## [EXERCISE DIRECTIONS]
Though the entries hold pictures, only their text should be duplicated, exactly and in full.

Excerpts from a dataset:
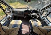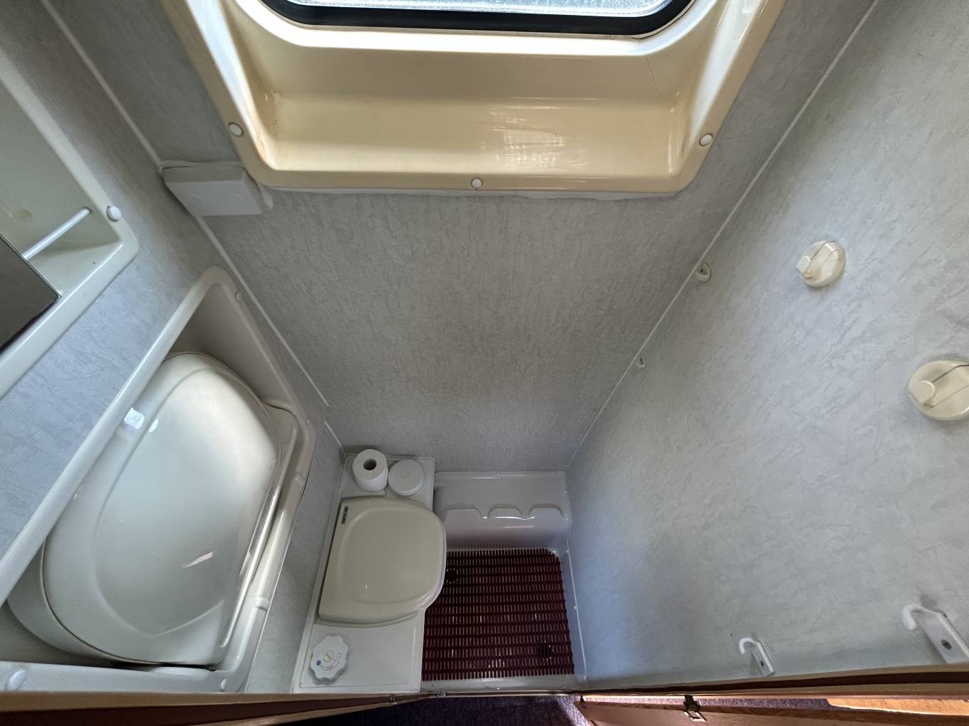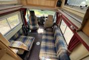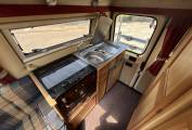 At the front of the vehicle we have a seating area with a bench seat opposite the sliding door and a single seat beside the sliding door with additional three point seatbelt. The seating area can seat up to 5 comfortably by utilising the swivel passenger seat and creates a comfortable double bed for sleeping. Moving to the rear of the vehicle we have a kitchen area on one side with a good size fridge, sink with drainer and full cooker with hob and combination oven and grill. Opposite the kitchen area we have the washroom with cassette toilet, fold down handbasin and full shower.
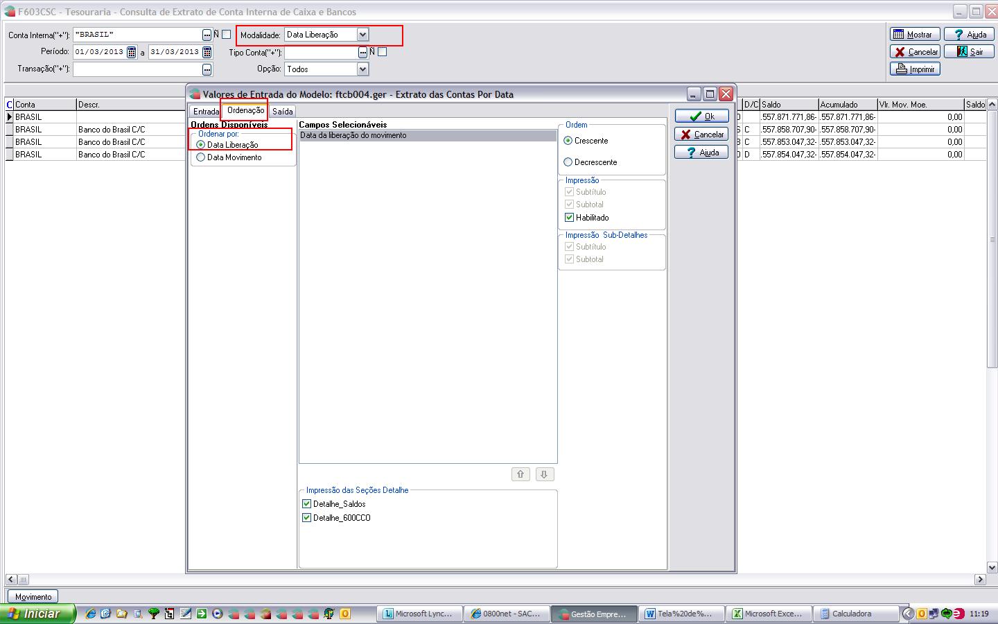 Outra questão que deve ser observada é quando você clica no botão Imprimir da tela, ao mostrar o relatório veja se você está escolhendo na ordenação data de liberação ou data movimento, pois a escolha tem que ser idêntica da tela.
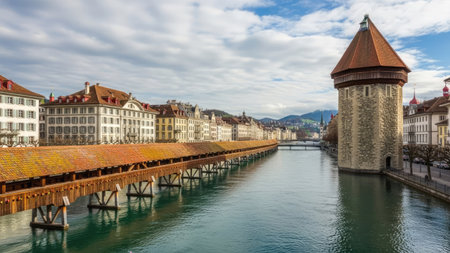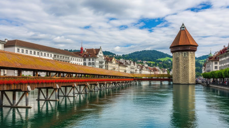 Panoramic view of the Chapel Bridge in Lucerne, Switzerland
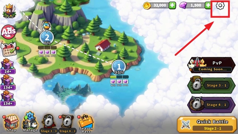 1. 开启什么鸭游戏,完成教程后,进入主页面,点击右上角的设置。
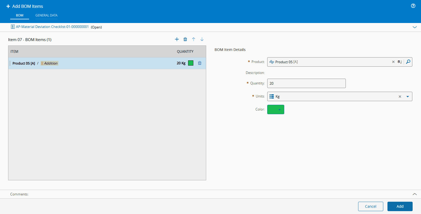- If the Deviation Type is Add BOM Item, the associated Checklist Instance must have a BOM Instance associated with it.

## [FINAL ANSWER]
 At the front of the vehicle we have a seating area with a bench seat opposite the sliding door and a single seat beside the sliding door with additional three point seatbelt. The seating area can seat up to 5 comfortably by utilising the swivel passenger seat and creates a comfortable double bed for sleeping. Moving to the rear of the vehicle we have a kitchen area on one side with a good size fridge, sink with drainer and full cooker with hob and combination oven and grill. Opposite the kitchen area we have the washroom with cassette toilet, fold down handbasin and full shower.
 Outra questão que deve ser observada é quando você clica no botão Imprimir da tela, ao mostrar o relatório veja se você está escolhendo na ordenação data de liberação ou data movimento, pois a escolha tem que ser idêntica da tela.
 Panoramic view of the Chapel Bridge in Lucerne, Switzerland
 1. 开启什么鸭游戏,完成教程后,进入主页面,点击右上角的设置。
- If the Deviation Type is Add BOM Item, the associated Checklist Instance must have a BOM Instance associated with it.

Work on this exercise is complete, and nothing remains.